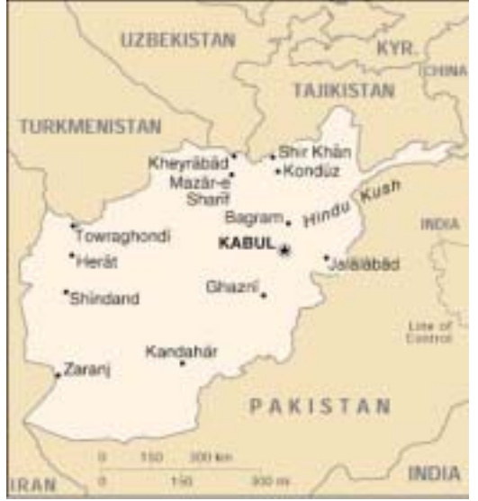
Map of Afghanistan
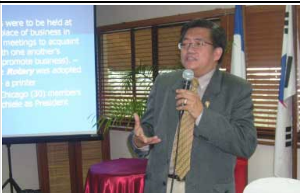
Fellow Rotarians of RCB, if you can still recall, this is how it started.
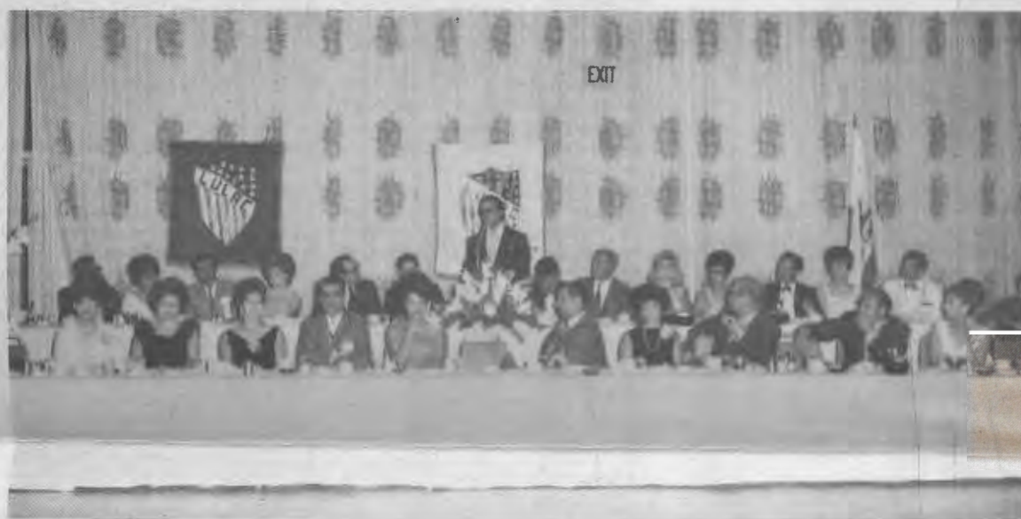
Gilbert Roland addressing convention Saturday night, June 28, 1969.
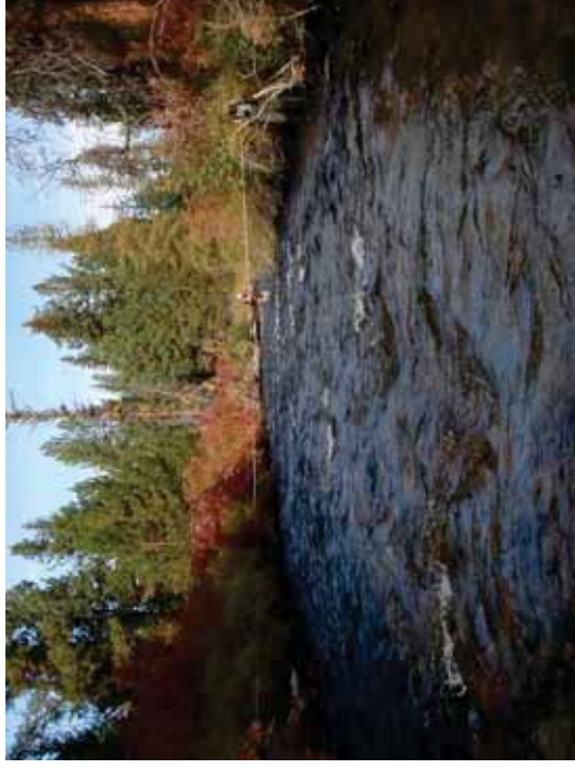
Figure 125. SR A2: Transect 5 Low Gradient Riffle – From 30' upstream looking downstream.
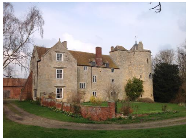
Somerton Castle, Boothby Graffoe
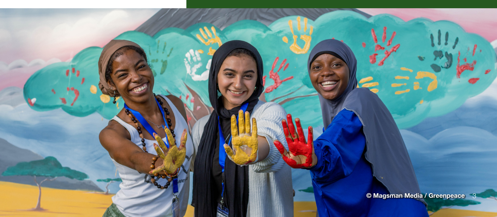
Promoting public engagement
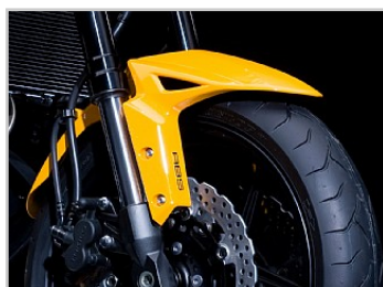
Long travel suspension
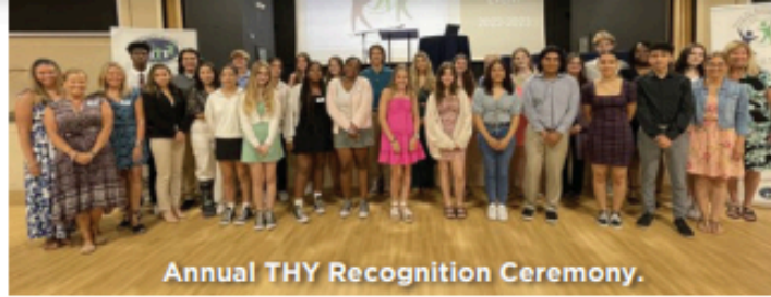
Annual THY Recognition Ceremony.
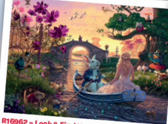
R16962 - Look & Find No.1 - Enchanted Lands 1000pcs - £14.00
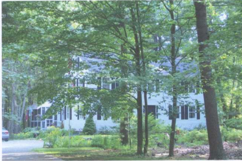
View showing left side.
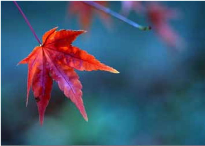
A distinctive autumnal Maple leaf

Look out as well for the finely pointed leaves of an ornamental Maple tree. The leaves are especially brightly coloured in autumn. Maples are the national plant of Canada and appear on the Canadian flag. Yet most maples originate in Asia, including many of the maple cultivars that we commonly see in our gardens in England.
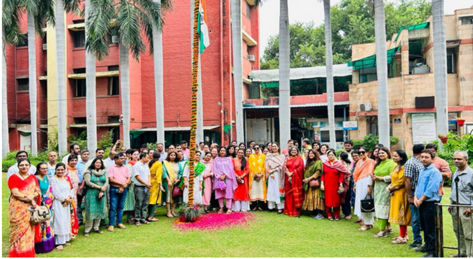
Independence Day Celebration 2023
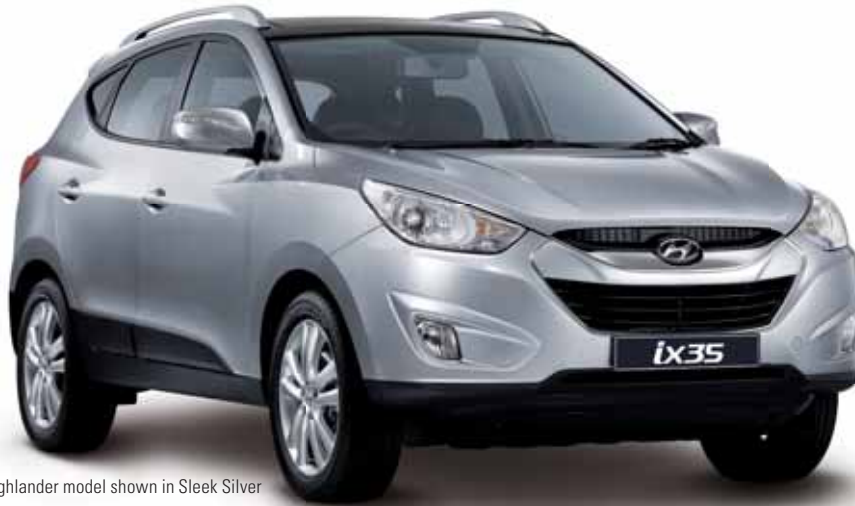
Highlander model shown in Sleek Silver
☆ ☆ ☆
What you print must be exactly the lines from the one containing "Gilbert Roland addressing" through the last line of the material, and no pictures.

§ Solution for this task:
Gilbert Roland addressing convention Saturday night, June 28, 1969.
Figure 125. SR A2: Transect 5 Low Gradient Riffle – From 30' upstream looking downstream.
Somerton Castle, Boothby Graffoe
Promoting public engagement
Long travel suspension
Annual THY Recognition Ceremony.
R16962 - Look & Find No.1 - Enchanted Lands 1000pcs - £14.00
View showing left side.
A distinctive autumnal Maple leaf

Look out as well for the finely pointed leaves of an ornamental Maple tree. The leaves are especially brightly coloured in autumn. Maples are the national plant of Canada and appear on the Canadian flag. Yet most maples originate in Asia, including many of the maple cultivars that we commonly see in our gardens in England.
Independence Day Celebration 2023
Highlander model shown in Sleek Silver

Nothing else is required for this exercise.